WHAT YOU WILL DO -> Nothing but the lines from the top of the records through the line with "作者用户进入系统可以进行首页" should be returned, exactly, and without pictures.
MATERIAL SHOWN section start
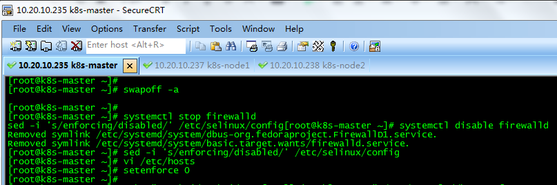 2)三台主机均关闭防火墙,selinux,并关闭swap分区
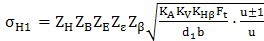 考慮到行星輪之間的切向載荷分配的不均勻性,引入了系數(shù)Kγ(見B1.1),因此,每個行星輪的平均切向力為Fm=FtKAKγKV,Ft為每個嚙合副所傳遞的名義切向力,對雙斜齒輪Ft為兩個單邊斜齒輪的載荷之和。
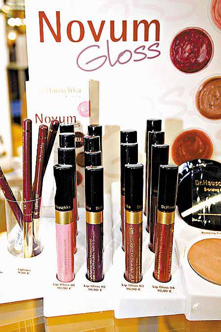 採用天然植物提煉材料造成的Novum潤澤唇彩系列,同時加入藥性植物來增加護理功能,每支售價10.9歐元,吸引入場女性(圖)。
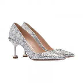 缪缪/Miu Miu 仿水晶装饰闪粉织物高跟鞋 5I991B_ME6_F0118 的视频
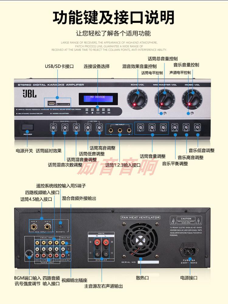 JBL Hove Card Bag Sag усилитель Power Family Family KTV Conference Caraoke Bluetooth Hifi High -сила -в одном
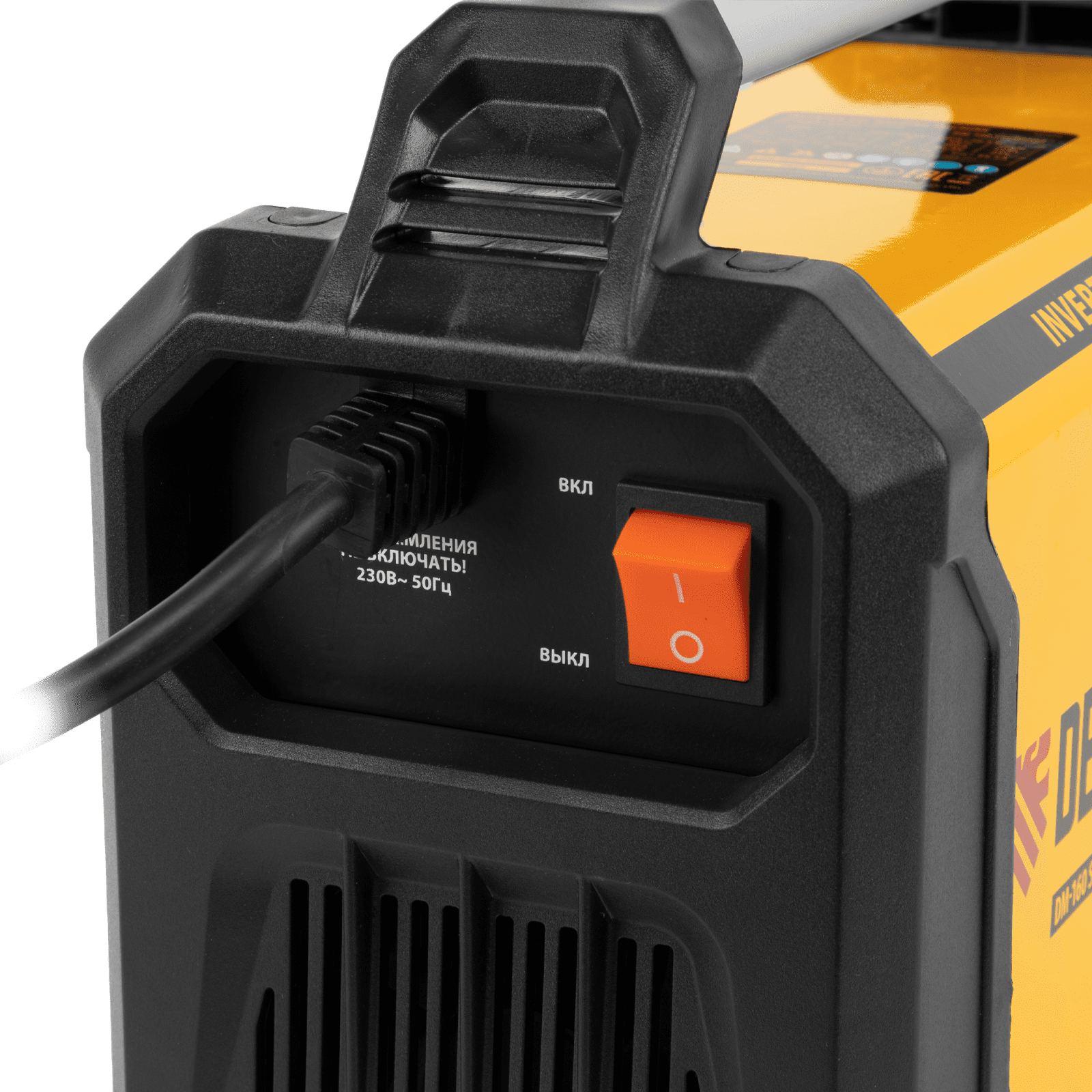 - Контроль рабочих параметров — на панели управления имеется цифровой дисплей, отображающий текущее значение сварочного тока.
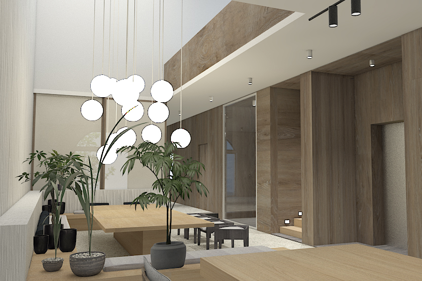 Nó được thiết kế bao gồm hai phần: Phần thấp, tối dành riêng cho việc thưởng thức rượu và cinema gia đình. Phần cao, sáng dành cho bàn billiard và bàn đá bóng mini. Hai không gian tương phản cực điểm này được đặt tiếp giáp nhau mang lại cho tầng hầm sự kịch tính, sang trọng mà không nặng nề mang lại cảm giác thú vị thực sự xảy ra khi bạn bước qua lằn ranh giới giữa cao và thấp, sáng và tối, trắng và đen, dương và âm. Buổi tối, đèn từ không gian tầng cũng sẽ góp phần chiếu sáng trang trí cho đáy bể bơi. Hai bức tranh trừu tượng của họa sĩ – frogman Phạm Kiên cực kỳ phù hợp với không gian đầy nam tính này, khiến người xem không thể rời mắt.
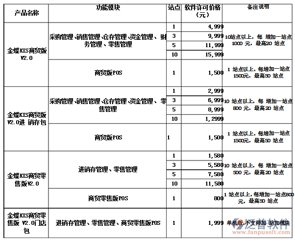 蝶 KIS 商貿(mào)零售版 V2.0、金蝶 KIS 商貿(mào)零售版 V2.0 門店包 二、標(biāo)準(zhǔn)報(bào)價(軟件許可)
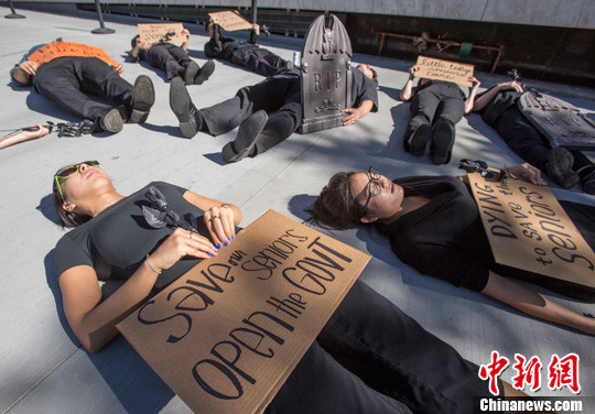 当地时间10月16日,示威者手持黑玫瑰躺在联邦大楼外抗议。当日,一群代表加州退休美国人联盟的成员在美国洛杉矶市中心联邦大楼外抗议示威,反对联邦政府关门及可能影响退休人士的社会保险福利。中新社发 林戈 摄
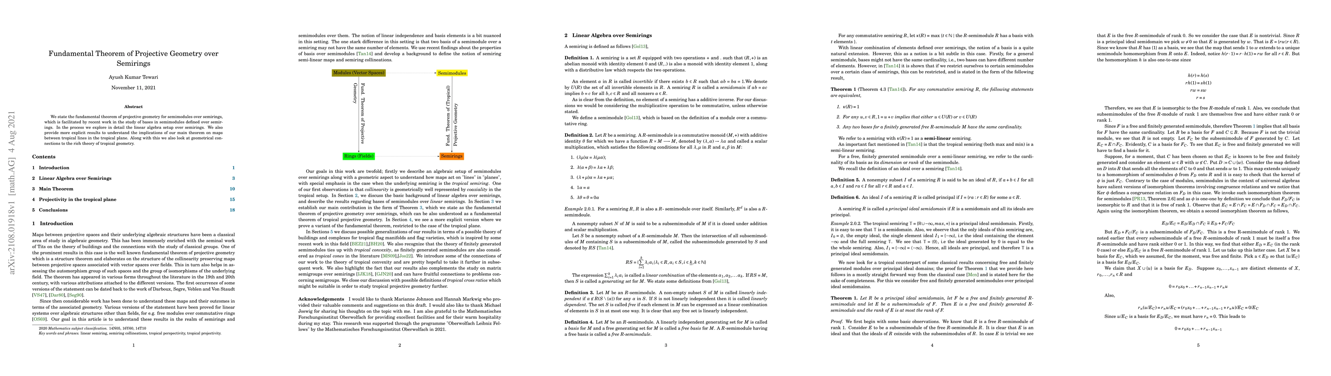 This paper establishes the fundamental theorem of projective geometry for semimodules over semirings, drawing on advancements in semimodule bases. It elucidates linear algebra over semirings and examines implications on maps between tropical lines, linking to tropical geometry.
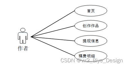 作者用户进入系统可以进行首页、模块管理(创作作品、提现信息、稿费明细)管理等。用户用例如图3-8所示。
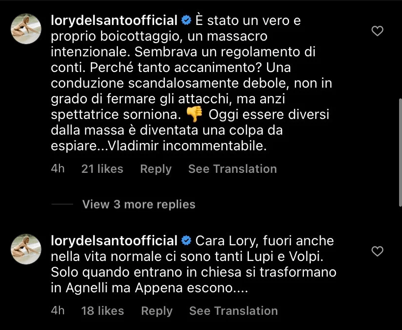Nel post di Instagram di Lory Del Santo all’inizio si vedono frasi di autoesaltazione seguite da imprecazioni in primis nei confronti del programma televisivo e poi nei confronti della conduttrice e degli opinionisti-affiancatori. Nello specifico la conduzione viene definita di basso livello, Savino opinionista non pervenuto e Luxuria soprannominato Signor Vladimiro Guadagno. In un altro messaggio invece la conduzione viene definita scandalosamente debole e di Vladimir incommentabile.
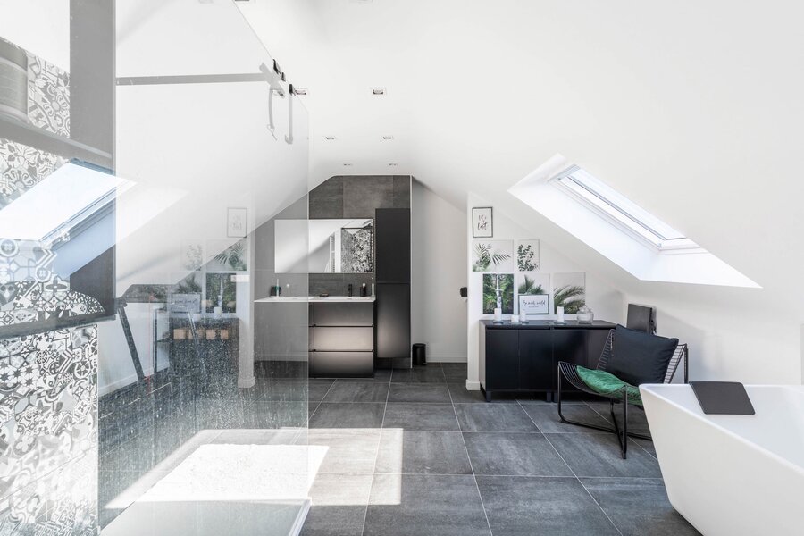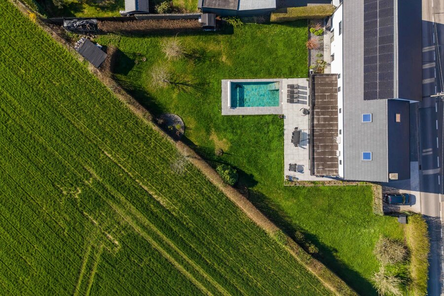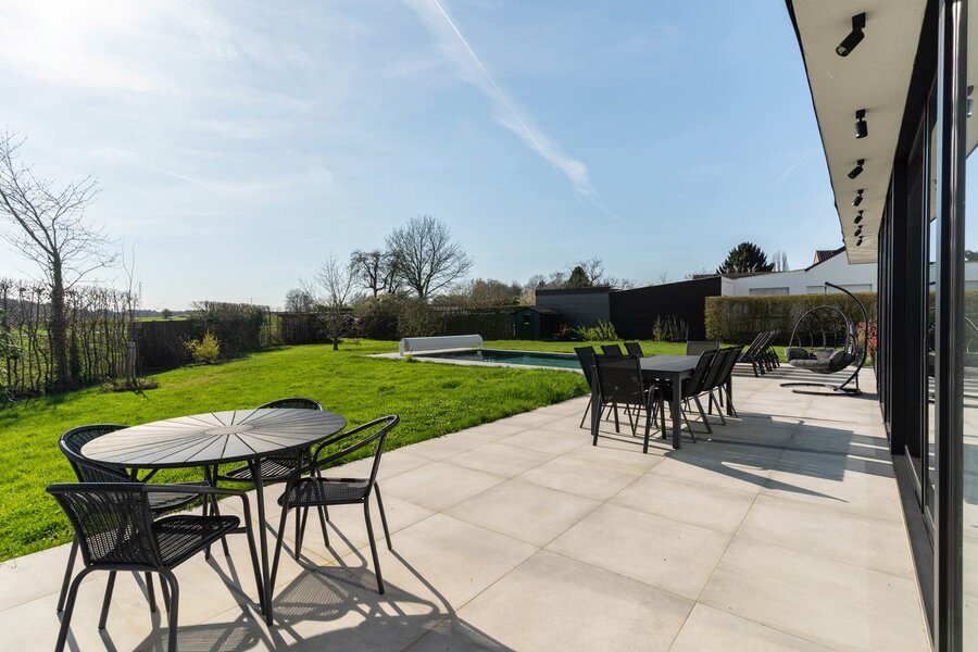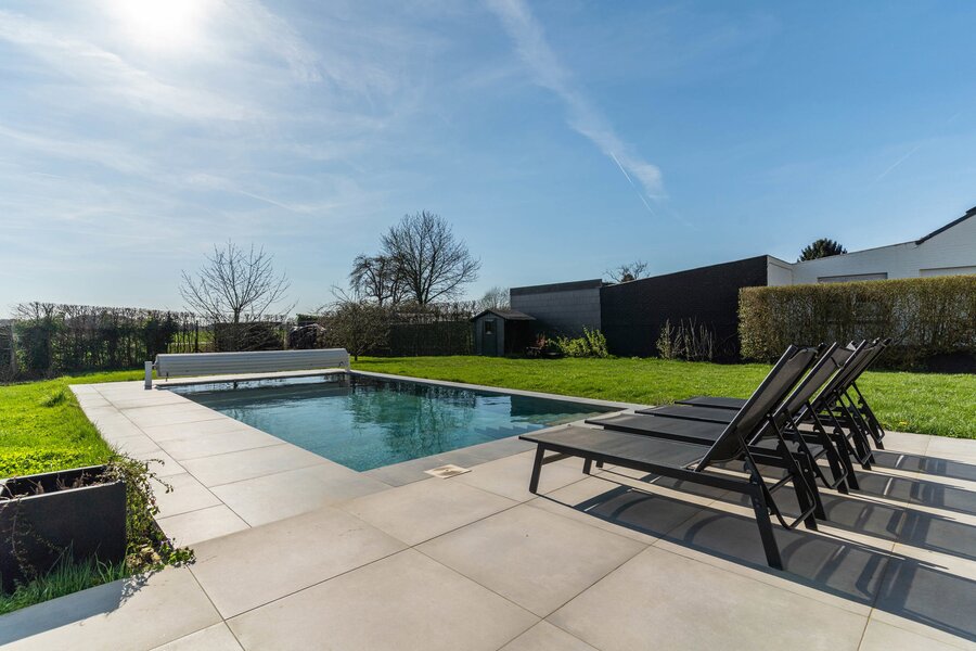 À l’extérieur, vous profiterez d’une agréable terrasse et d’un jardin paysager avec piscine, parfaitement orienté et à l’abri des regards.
MATERIAL SHOWN section end
YOUR RESPONSE ->
 2)三台主机均关闭防火墙,selinux,并关闭swap分区
 考慮到行星輪之間的切向載荷分配的不均勻性,引入了系數(shù)Kγ(見B1.1),因此,每個行星輪的平均切向力為Fm=FtKAKγKV,Ft為每個嚙合副所傳遞的名義切向力,對雙斜齒輪Ft為兩個單邊斜齒輪的載荷之和。
 採用天然植物提煉材料造成的Novum潤澤唇彩系列,同時加入藥性植物來增加護理功能,每支售價10.9歐元,吸引入場女性(圖)。
 缪缪/Miu Miu 仿水晶装饰闪粉织物高跟鞋 5I991B_ME6_F0118 的视频
 JBL Hove Card Bag Sag усилитель Power Family Family KTV Conference Caraoke Bluetooth Hifi High -сила -в одном
 - Контроль рабочих параметров — на панели управления имеется цифровой дисплей, отображающий текущее значение сварочного тока.
 Nó được thiết kế bao gồm hai phần: Phần thấp, tối dành riêng cho việc thưởng thức rượu và cinema gia đình. Phần cao, sáng dành cho bàn billiard và bàn đá bóng mini. Hai không gian tương phản cực điểm này được đặt tiếp giáp nhau mang lại cho tầng hầm sự kịch tính, sang trọng mà không nặng nề mang lại cảm giác thú vị thực sự xảy ra khi bạn bước qua lằn ranh giới giữa cao và thấp, sáng và tối, trắng và đen, dương và âm. Buổi tối, đèn từ không gian tầng cũng sẽ góp phần chiếu sáng trang trí cho đáy bể bơi. Hai bức tranh trừu tượng của họa sĩ – frogman Phạm Kiên cực kỳ phù hợp với không gian đầy nam tính này, khiến người xem không thể rời mắt.
 蝶 KIS 商貿(mào)零售版 V2.0、金蝶 KIS 商貿(mào)零售版 V2.0 門店包 二、標(biāo)準(zhǔn)報(bào)價(軟件許可)
 当地时间10月16日,示威者手持黑玫瑰躺在联邦大楼外抗议。当日,一群代表加州退休美国人联盟的成员在美国洛杉矶市中心联邦大楼外抗议示威,反对联邦政府关门及可能影响退休人士的社会保险福利。中新社发 林戈 摄
 This paper establishes the fundamental theorem of projective geometry for semimodules over semirings, drawing on advancements in semimodule bases. It elucidates linear algebra over semirings and examines implications on maps between tropical lines, linking to tropical geometry.
 作者用户进入系统可以进行首页、模块管理(创作作品、提现信息、稿费明细)管理等。用户用例如图3-8所示。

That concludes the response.